Os gestores municipais recebem os índices atualizados para recalibrar as vistorias de agentes comunitários e a aplicação de controle vetorial. As equipes municipais concentram vistorias em imóveis comerciais, terrenos baldios e residências particulares nas áreas urbanas. O fluxo de pacientes nas redes de atenção básica orienta a redistribuição imediata de soro e medicamentos de suporte.

Reconhecimento médico e sinais de alarme durante a evolução da infecção

O quadro clínico de dengue pode progredir para estágios de gravidade após a diminuição da febre inicial, exigindo procura imediata por socorro hospitalar. O estado identificou 649 casos graves exatamente pela manifestação de sintomas que indicam perda de plasma, hemorragias ou comprometimento de órgãos:

  • Dor abdominal intensa e contínua sentida pelo paciente durante o exame ou em repouso.
  • Vômitos frequentes e persistentes que impedem a hidratação oral adequada.
  • Acúmulo de líquidos em cavidades corporais detectado em exames clínicos ou de imagem.
  • Queda abrupta da pressão arterial com sensação de desmaio ou tontura postural.
  • Sangramento espontâneo em mucosas como gengivas, nariz ou presença de sangue nas fezes.
  • Letargia, sonolência profunda ou agitação psicomotora sem causa aparente.
  • Aumento progressivo do tamanho do fígado verificado durante a avaliação médica.

A hidratação venosa rápida nas primeiras horas de instalação dos sinais de alarme reduz o risco de choque circulatório. Os centros de saúde de Pernambuco mantêm protocolos de classificação de risco para priorizar o atendimento de pessoas com comorbidades, crianças e idosos infectados. O acompanhamento diário da contagem de plaquetas e do hematócrito orienta a necessidade de leitos hospitalares especializados.

Ações domésticas para eliminação definitiva dos criadouros do vetor

O vetor da dengue, da chikungunya e da zika deposita ovos em água limpa e parada dentro e ao redor das residências urbanas.

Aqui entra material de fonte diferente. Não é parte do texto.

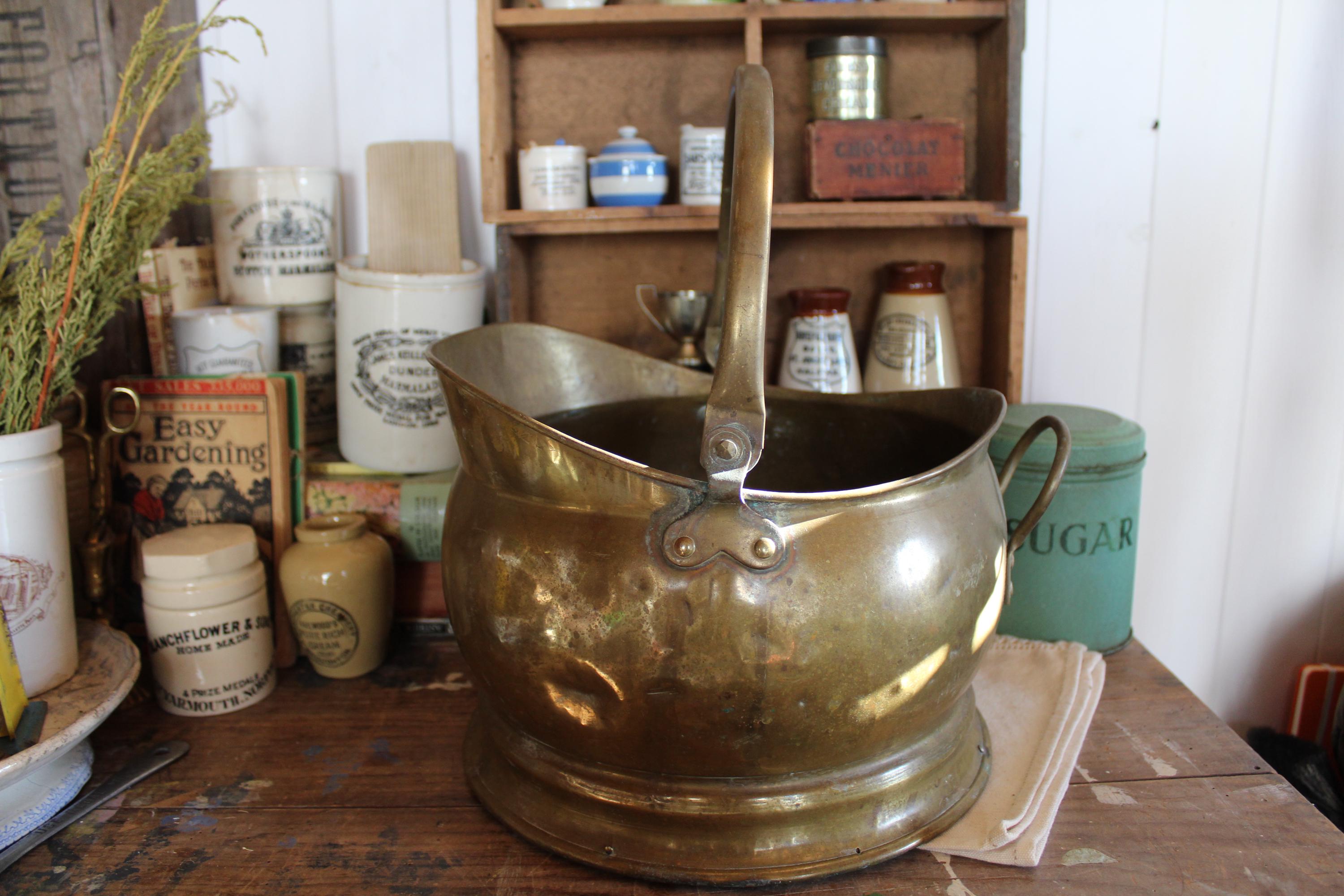 Small Antique Brass Coal Bucket, Kindling Storage, Planter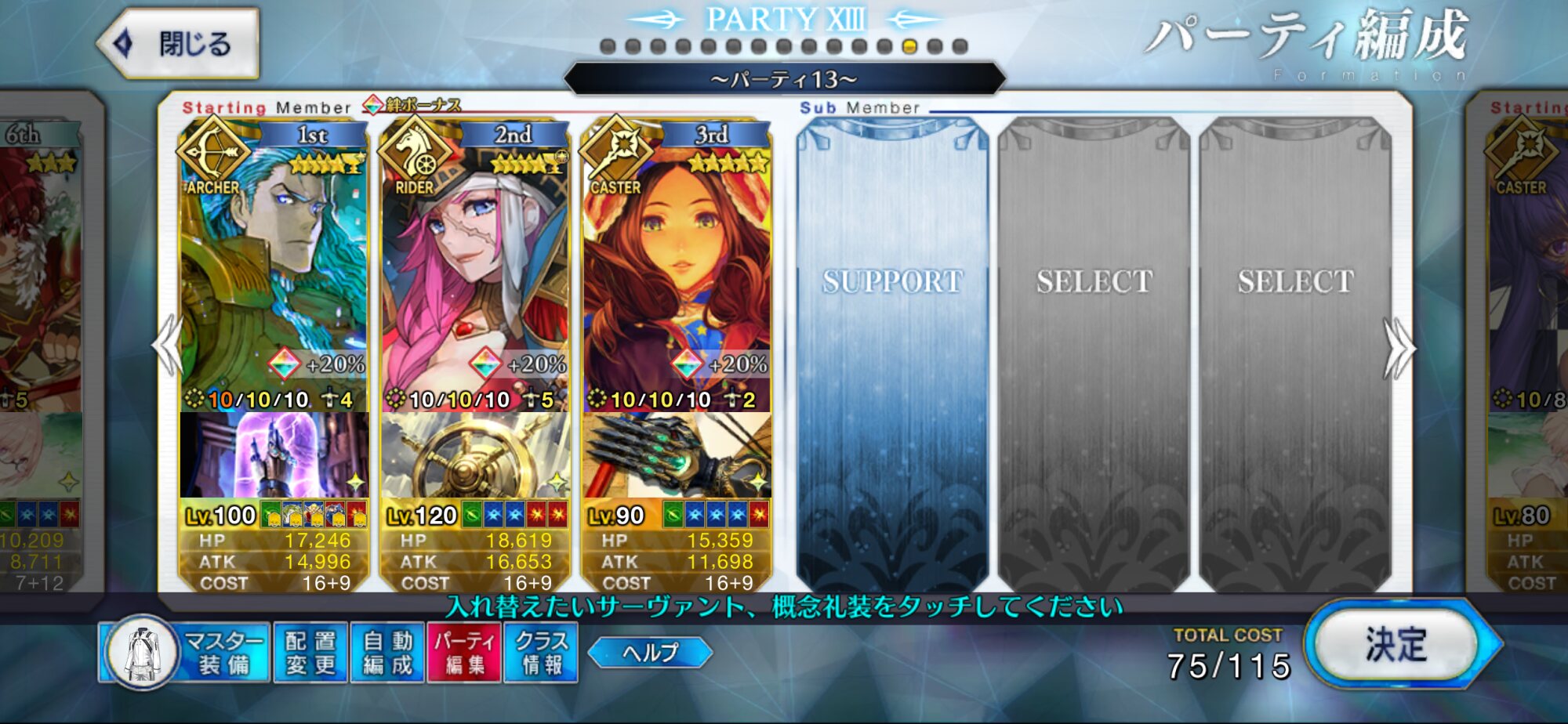 こんな感じです。グランドムーンキャンサーシエルになる人は多そうな予感はしている、絆で宝具30%上昇に毎ターンNP獲得5とHP500回復、そこに看板娘も併用できるとそれだけで3ターンは攻撃80%に宝具使うときはそこに最低でも60%のバフが乗るようになるうえにまだ自前でクリバフと色バフもあるとか結構無法なことになる

A contenção do índice de infestação predial depende da eliminação mecânica dos recipientes que retêm água de chuva ou de abastecimento:

  • Caixas-d’água, cisternas e tonéis de armazenamento devem permanecer vedados com tampas ajustadas ou telas sem aberturas.
  • Calhas de escoamento nos telhados precisam passar por limpeza para evitar o represamento de folhagens e resíduos.
  • Pratos de vasos de plantas exigem preenchimento completo com areia até a borda ou substituição por modelos secos.
  • Pneus velhos guardados devem ser furados ou mantidos em locais totalmente cobertos e protegidos das chuvas.
  • Garrafas de vidro e recipientes plásticos vazios precisam ser armazenados com a boca voltada para baixo.
  • Bandejas externas de geladeiras e aparelhos de ar-condicionado exigem secagem e higienização semanal com água e sabão.

A limpeza de ralos pouco utilizados com desinfetante evita o desenvolvimento de larvas do mosquito.